The mesh shines when used with a headless front end like Adobe Experience Manager. API Mesh’s goal is to allow Adobe Commerce projects to more easily leverage third-party and cloud services without direct Adobe Commerce Marketplace Extensions. Many IT executives are seeking to integrate this kind of technology with their stack to reduce code — relying more on configuration — and to add an important layer of observability to the architecture, providing key metrics such as throughput, response times, and abuse claims. This value-add capability of API Mesh brings cost-effective solutions to an existing enterprise architecture."

– Rick Buczynski

VP of solution architecture for Blue Acorn iCi.

“We moved to Adobe Commerce because it was a more composable platform, enabled us to create a global platform model, and it had modern features and functionality that our prior platform did not.”

– Leo Griffin

VP of Technology and Global Head of Consumer Technology, Hanesbrands.

Extend your Commerce experience with App Builder and API Mesh

App Builder and API Mesh are excellent lightweight integration solutions to extend the core capabilities of Adobe Commerce and build composable shopping experiences. These features help keep the commerce foundation lean by decreasing the use of custom PHP code and dependencies on underlying technology, which helps improve business processes during upgrades. App Builder brings an easy user experience that saves time for the developer by creating apps much faster than the prior custom extension approach.
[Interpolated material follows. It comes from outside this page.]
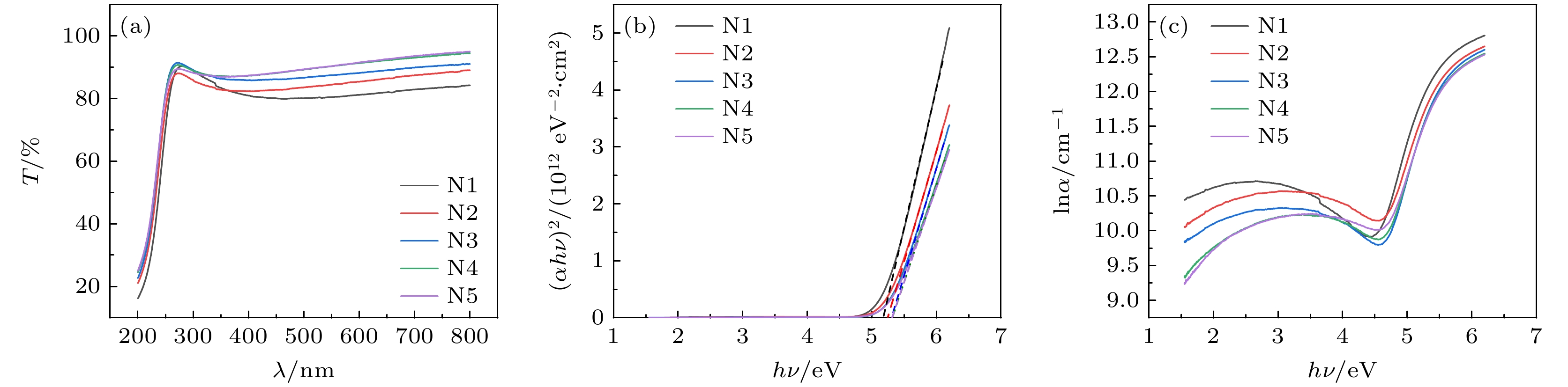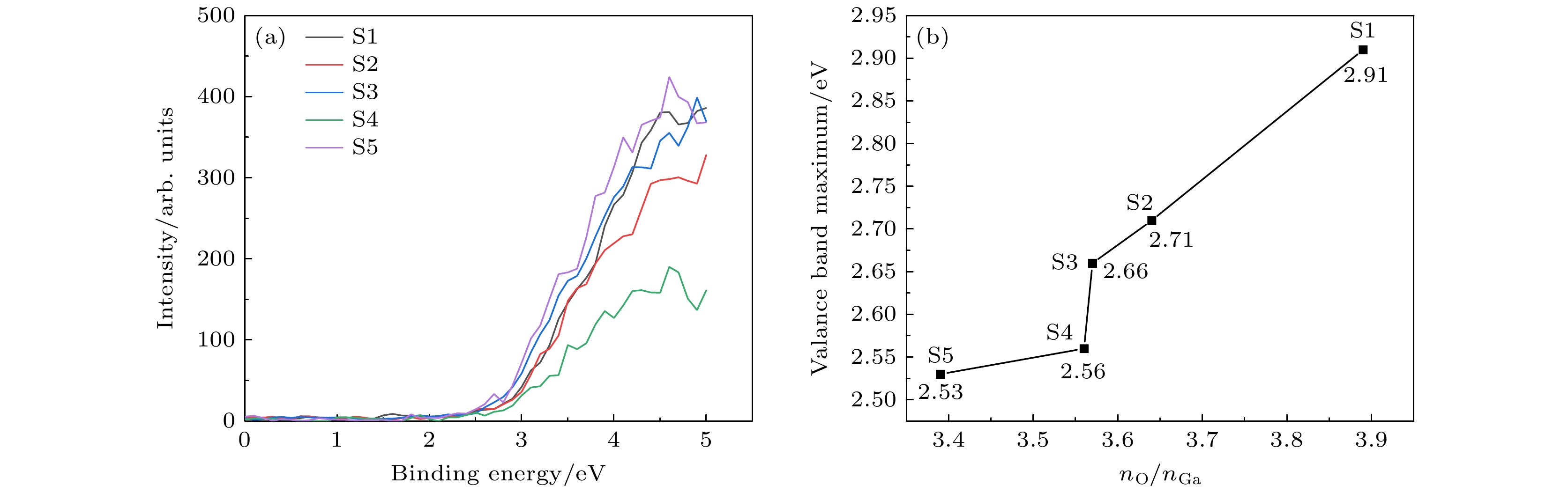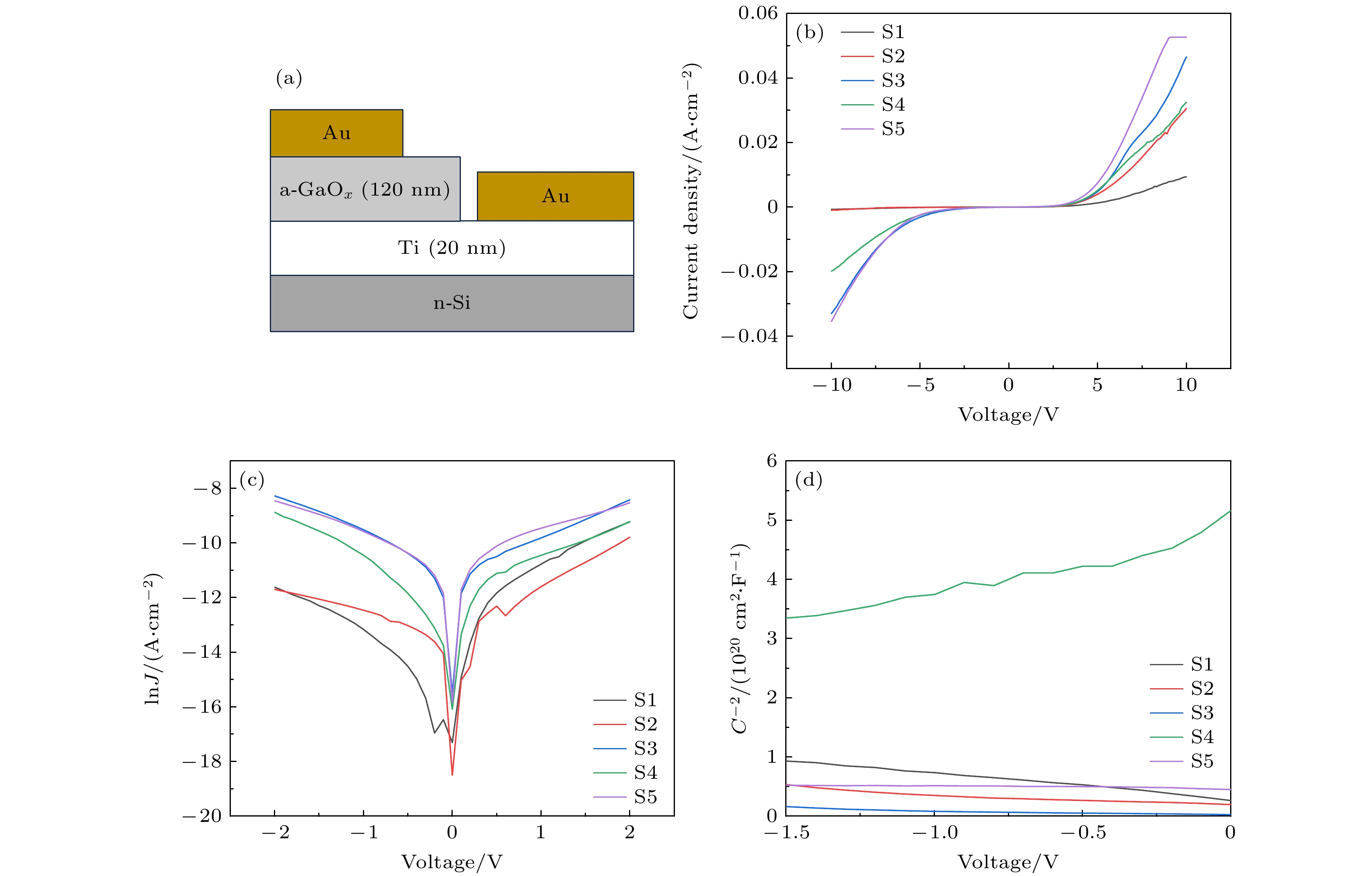 Amorphous gallium oxide (a-GaOx) exhibits excellent electrical conductivity, a wide bandgap, high breakdown field strength, high visible light transmittance, high sensitivity to specific ultraviolet wavelengths, low preparation temperatures, relatively simple processing, wide substrate applicability, and ease of obtaining high-quality thin films. These attributes make it a suitable candidate for applications in transparent electronic devices, ultraviolet detectors, high-power devices, and gas sensors. Presently, the research on a-GaOx remains limited, focusing primarily on films with an O/Ga ratio less than or equal to 1.5. Increasing the concentration of oxygen vacancies to enhance the conductivity of the material often leads to a reduction in its bandgap, which is undesirable for high-power applications. Variations in O/Ga in the films can affect the formation of chemical bonds and significantly influence the band structure. In this study, five groups of a-GaOx thin films with high oxygen-to-gallium ratios are successfully fabricated by increasing the gas flow rate at low sputtering power. The elemental compositions of the films are analyzed using energy dispersive spectroscopy (EDS), revealing the O/Ga ratio gradually decreasing from 3.89 to 3.39. Phase analysis by using X-ray diffraction (XRD) confirms the amorphous nature of the films. Optical properties are characterized using an ultraviolet-visible spectrophotometer (UV-Vis), indicating that the optical bandgap and the density of localized states gradually increase. X-ray photoelectron spectroscopy (XPS) is utilized to analyze the elemental compositions, chemical states, and valence band structures of the films, showing that the valence band maximum decreases and the content of Ga2O within the material increases. Subsequently, Au/a-GaOx/Ti/Au Schottky devices are fabricated under the same processing conditions. The I-V characteristics of these devices are measured using a Keithley 4200, revealing changes in the electron transport mechanism at the metal-semiconductor (MS) interface, with the gradual increase in electron affinity calculated. C-V characteristics are measured using a Keithley 590, and the donor concentration (density of localized states) at the interface is calculated to gradually increase. In summary, by controlling appropriate process parameters, it is possible to improve the conductivity of electronic devices while increasing the bandgap of a-GaOx, which is significant for high-power applications.

Adobe provides an allocation of compute capacity for App Builder included with Adobe Commerce cloud licenses, which ensures that these applications are independently scalable and easily maintainable. With the out-of-the-box ecommerce APIs offered by Adobe Commerce, it becomes much easier for developers to use App Builder to use any third-party extension without impacting the performance of the database and to accelerate time to market.
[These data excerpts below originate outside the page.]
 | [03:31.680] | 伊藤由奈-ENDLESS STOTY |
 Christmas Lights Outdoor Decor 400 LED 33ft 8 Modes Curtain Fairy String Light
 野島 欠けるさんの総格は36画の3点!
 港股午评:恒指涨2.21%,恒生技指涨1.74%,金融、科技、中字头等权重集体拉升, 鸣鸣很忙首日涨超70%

Vikrant Shukla is currently working as a cloud solution architect (CSA) at Adobe. He manages the JAPAC region as CSA, supporting merchants and partners by leading solutions engineering and architecture through pre-customer technical discovery, planning, and solutioning for Adobe Experience Cloud — especially Adobe Commerce. Shukla has worked with Adobe for over four years. He formerly held the position of business solution architect in Adobe Consulting, where he was instrumental in successful digital transformation across different geographies for some of the most prominent Adobe customers.